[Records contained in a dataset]
*** Block opens ***

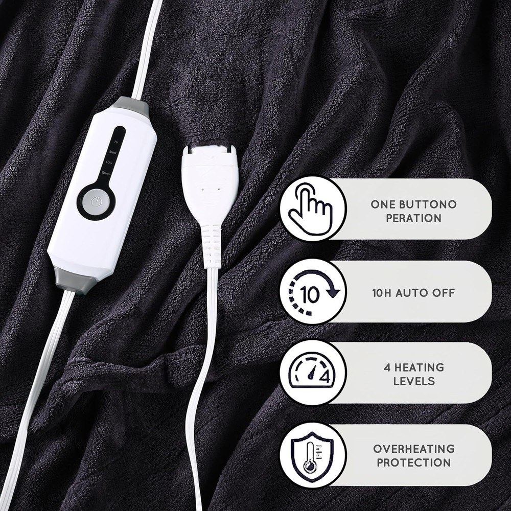 This heated blanket is incredibly cozy and keeps me warm all night! The coral fleece feels soft against my skin, and the four heat settings let me adjust the warmth just right. It heats up quickly, and the auto-off feature gives me peace of mind. The size is perfect for my bed, and the dark grey color looks sleek. Lightweight yet durable, it’s become my go-to for chilly nights—totally worth it!
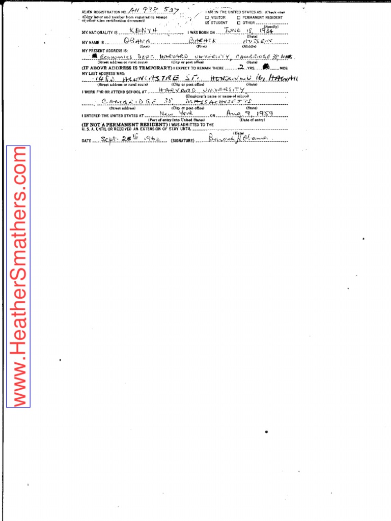 Obtained from US Customs and Immigration Services via Freedom of Information Act request. Documents show President Obama to have been born in Hawaii and Obama Sr. to have been a polygamist.
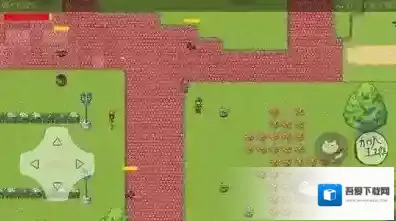 3、呈现角色(像素人物)、场景(草地、树木、道具木桶)、操作按键等,是角色在场景互动、探索的界面,玩家可操控角色移动、互动,开展生存或冒险玩法。
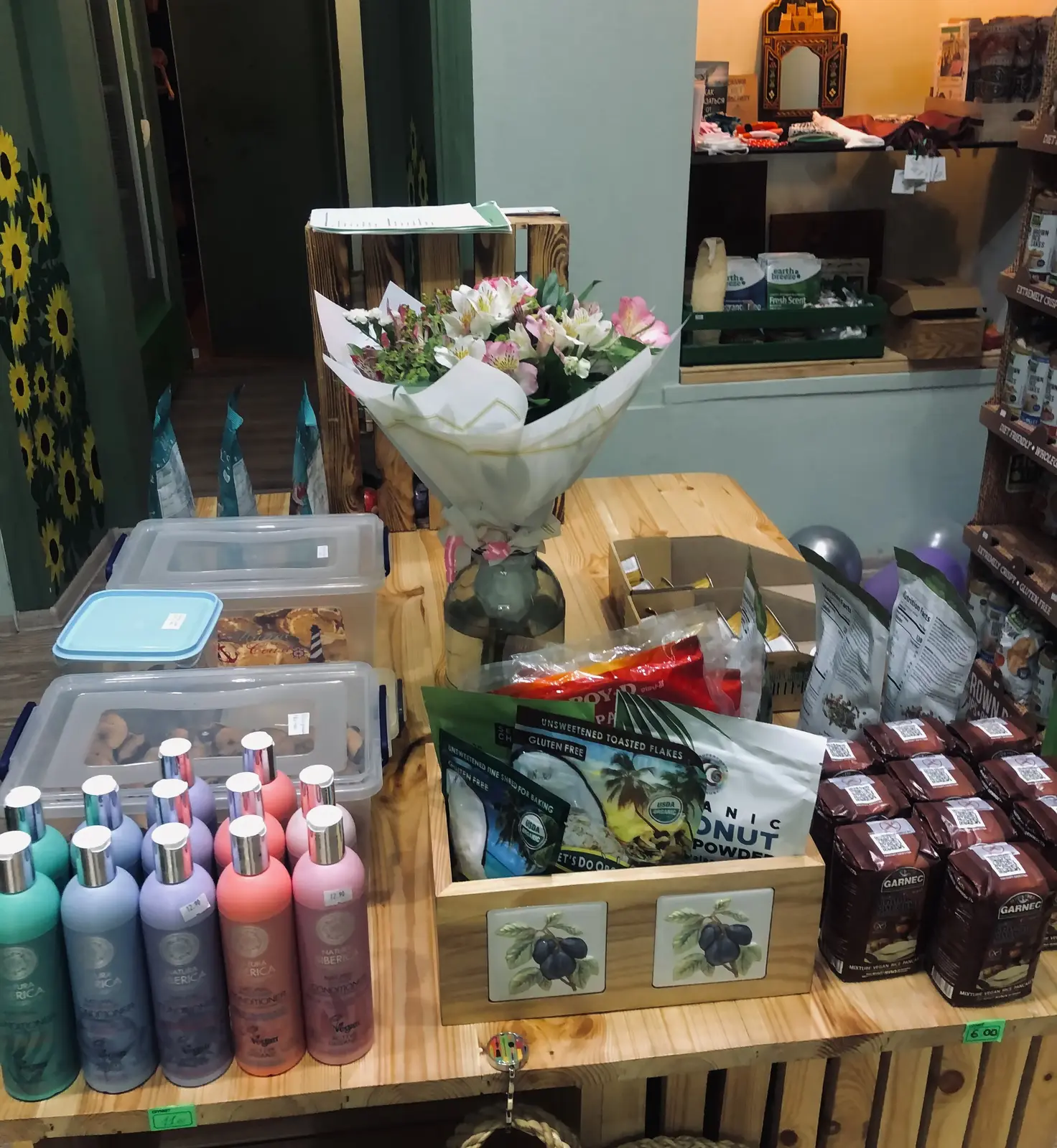 🌱 This store sells vegan products. Have you heard of super foods, but not about super plants? Not every plant is suitable for this. What nutritionists consider "super" is full of antioxidants, fiber, vitamins and minerals, as well as other foods that can help you live longer, look better, and even prevent disease. You can currently find many gluten-free products in the store. Not only can you shop at the store, but you can also sit down and have a nice ☕coffee. These coffees are organic (certified), ie grown in completely natural conditions, without the use of any chemical fertilizers or pesticides.
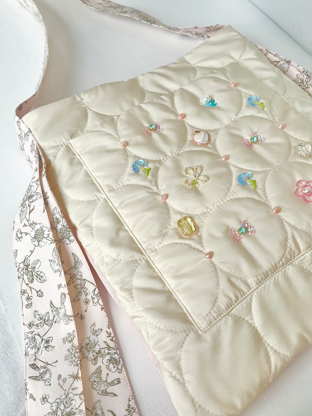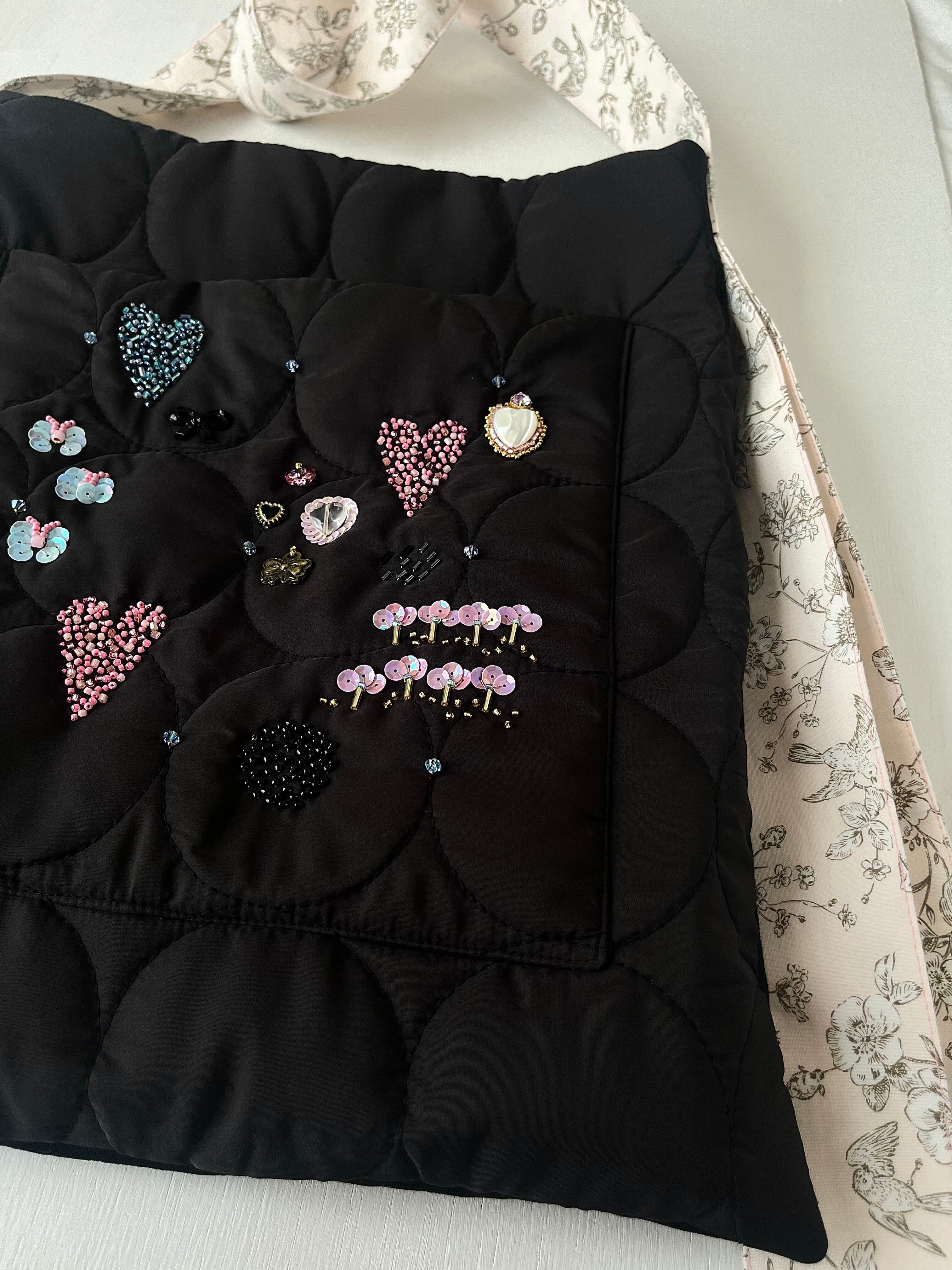 きらきら輝くポケットを主役にした大人のためのキュートなバッグが完成しました。

*** Block closes ***

● **WORK ITEM**:
Each record should be quoted exactly, with the images omitted.

● **FINISHED EXERCISE**:
 This heated blanket is incredibly cozy and keeps me warm all night! The coral fleece feels soft against my skin, and the four heat settings let me adjust the warmth just right. It heats up quickly, and the auto-off feature gives me peace of mind. The size is perfect for my bed, and the dark grey color looks sleek. Lightweight yet durable, it’s become my go-to for chilly nights—totally worth it!
 Obtained from US Customs and Immigration Services via Freedom of Information Act request. Documents show President Obama to have been born in Hawaii and Obama Sr. to have been a polygamist.
 3、呈现角色(像素人物)、场景(草地、树木、道具木桶)、操作按键等,是角色在场景互动、探索的界面,玩家可操控角色移动、互动,开展生存或冒险玩法。
 🌱 This store sells vegan products. Have you heard of super foods, but not about super plants? Not every plant is suitable for this. What nutritionists consider "super" is full of antioxidants, fiber, vitamins and minerals, as well as other foods that can help you live longer, look better, and even prevent disease. You can currently find many gluten-free products in the store. Not only can you shop at the store, but you can also sit down and have a nice ☕coffee. These coffees are organic (certified), ie grown in completely natural conditions, without the use of any chemical fertilizers or pesticides.
 きらきら輝くポケットを主役にした大人のためのキュートなバッグが完成しました。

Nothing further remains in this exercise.